* _About this task_: Could you repeat the entries below exactly, but only from the line with "简爱家居创始人掌舵人罗辑俐女士,站在台上演讲感人肺腑,极具感染力与号召力" through the line with "Le cadre est", and without any picture?

* _Extracted records_:
· · · ·
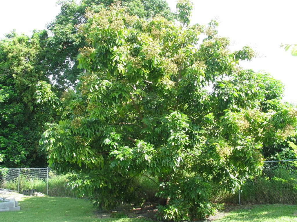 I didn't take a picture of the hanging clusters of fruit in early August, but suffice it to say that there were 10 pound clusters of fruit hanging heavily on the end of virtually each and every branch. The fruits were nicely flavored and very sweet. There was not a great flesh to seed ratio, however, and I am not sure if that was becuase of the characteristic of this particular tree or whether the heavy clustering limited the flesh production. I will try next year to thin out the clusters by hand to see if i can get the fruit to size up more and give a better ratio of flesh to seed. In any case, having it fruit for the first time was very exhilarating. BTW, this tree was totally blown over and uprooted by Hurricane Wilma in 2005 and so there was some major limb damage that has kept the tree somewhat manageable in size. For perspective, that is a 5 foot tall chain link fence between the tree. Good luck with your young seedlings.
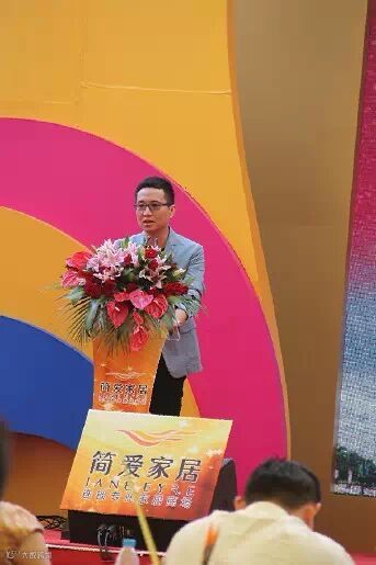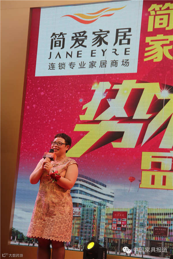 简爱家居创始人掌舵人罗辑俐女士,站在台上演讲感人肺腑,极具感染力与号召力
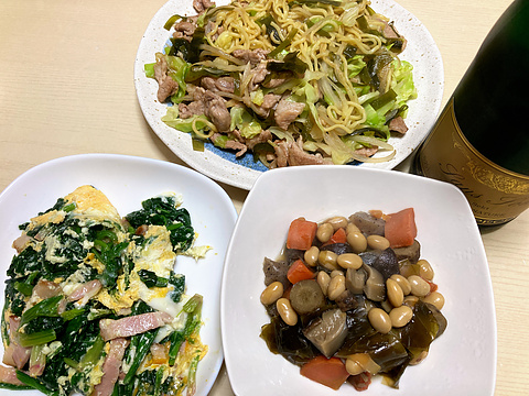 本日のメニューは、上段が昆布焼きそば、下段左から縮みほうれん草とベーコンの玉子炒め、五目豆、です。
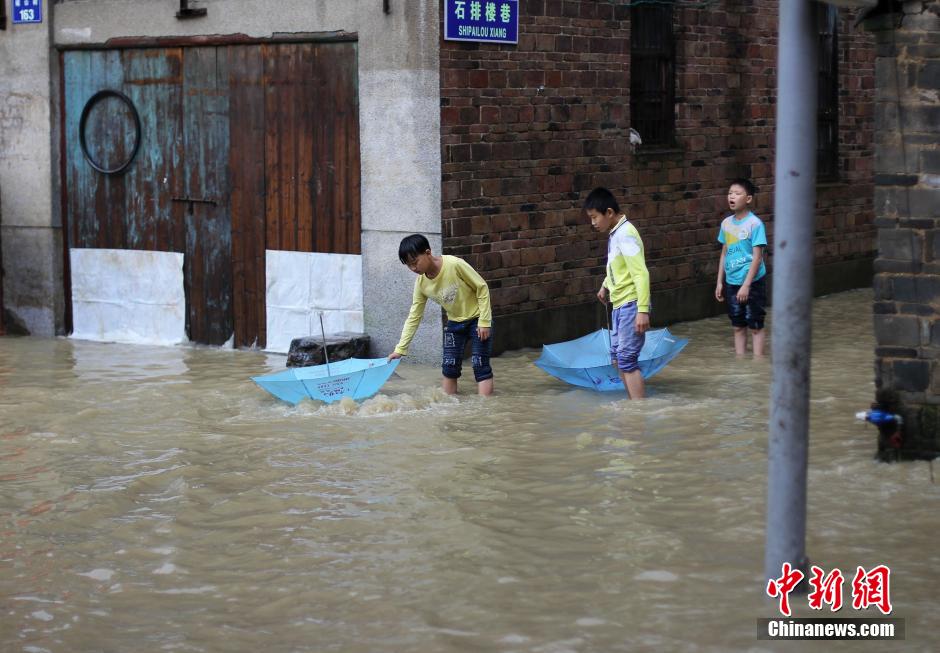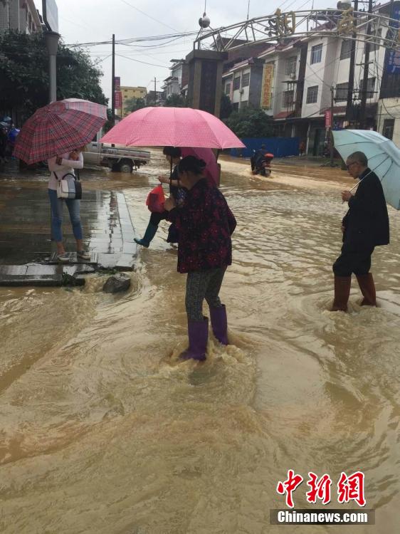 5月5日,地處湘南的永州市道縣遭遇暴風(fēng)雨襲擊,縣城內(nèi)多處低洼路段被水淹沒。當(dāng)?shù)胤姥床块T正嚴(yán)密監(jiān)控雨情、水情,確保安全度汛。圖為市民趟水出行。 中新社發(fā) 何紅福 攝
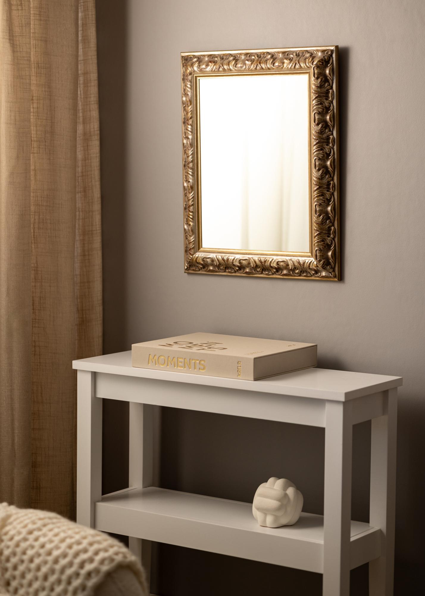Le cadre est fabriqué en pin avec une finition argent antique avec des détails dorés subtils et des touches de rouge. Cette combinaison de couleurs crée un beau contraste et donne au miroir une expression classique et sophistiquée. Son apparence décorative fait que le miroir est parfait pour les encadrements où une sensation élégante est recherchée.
· · · ·
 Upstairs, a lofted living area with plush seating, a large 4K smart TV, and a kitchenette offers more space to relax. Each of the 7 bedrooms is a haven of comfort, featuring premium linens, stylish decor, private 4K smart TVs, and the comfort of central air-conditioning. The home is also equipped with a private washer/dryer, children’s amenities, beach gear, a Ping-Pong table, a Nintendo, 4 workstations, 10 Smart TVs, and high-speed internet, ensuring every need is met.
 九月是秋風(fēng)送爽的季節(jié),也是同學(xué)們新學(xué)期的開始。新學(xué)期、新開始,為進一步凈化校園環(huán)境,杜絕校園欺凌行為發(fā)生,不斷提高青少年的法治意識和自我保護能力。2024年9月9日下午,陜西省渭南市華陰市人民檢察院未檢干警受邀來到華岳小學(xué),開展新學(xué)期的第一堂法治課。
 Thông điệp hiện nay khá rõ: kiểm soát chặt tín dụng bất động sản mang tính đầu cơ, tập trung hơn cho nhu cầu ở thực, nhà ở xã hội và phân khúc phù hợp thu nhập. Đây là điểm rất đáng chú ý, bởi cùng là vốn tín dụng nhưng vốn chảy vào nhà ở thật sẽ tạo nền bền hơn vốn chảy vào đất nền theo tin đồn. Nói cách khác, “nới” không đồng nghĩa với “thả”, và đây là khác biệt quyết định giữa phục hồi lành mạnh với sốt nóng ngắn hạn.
· · · ·
* _Completed task_:
 简爱家居创始人掌舵人罗辑俐女士,站在台上演讲感人肺腑,极具感染力与号召力
 本日のメニューは、上段が昆布焼きそば、下段左から縮みほうれん草とベーコンの玉子炒め、五目豆、です。
 5月5日,地處湘南的永州市道縣遭遇暴風(fēng)雨襲擊,縣城內(nèi)多處低洼路段被水淹沒。當(dāng)?shù)胤姥床块T正嚴(yán)密監(jiān)控雨情、水情,確保安全度汛。圖為市民趟水出行。 中新社發(fā) 何紅福 攝
Le cadre est fabriqué en pin avec une finition argent antique avec des détails dorés subtils et des touches de rouge. Cette combinaison de couleurs crée un beau contraste et donne au miroir une expression classique et sophistiquée. Son apparence décorative fait que le miroir est parfait pour les encadrements où une sensation élégante est recherchée.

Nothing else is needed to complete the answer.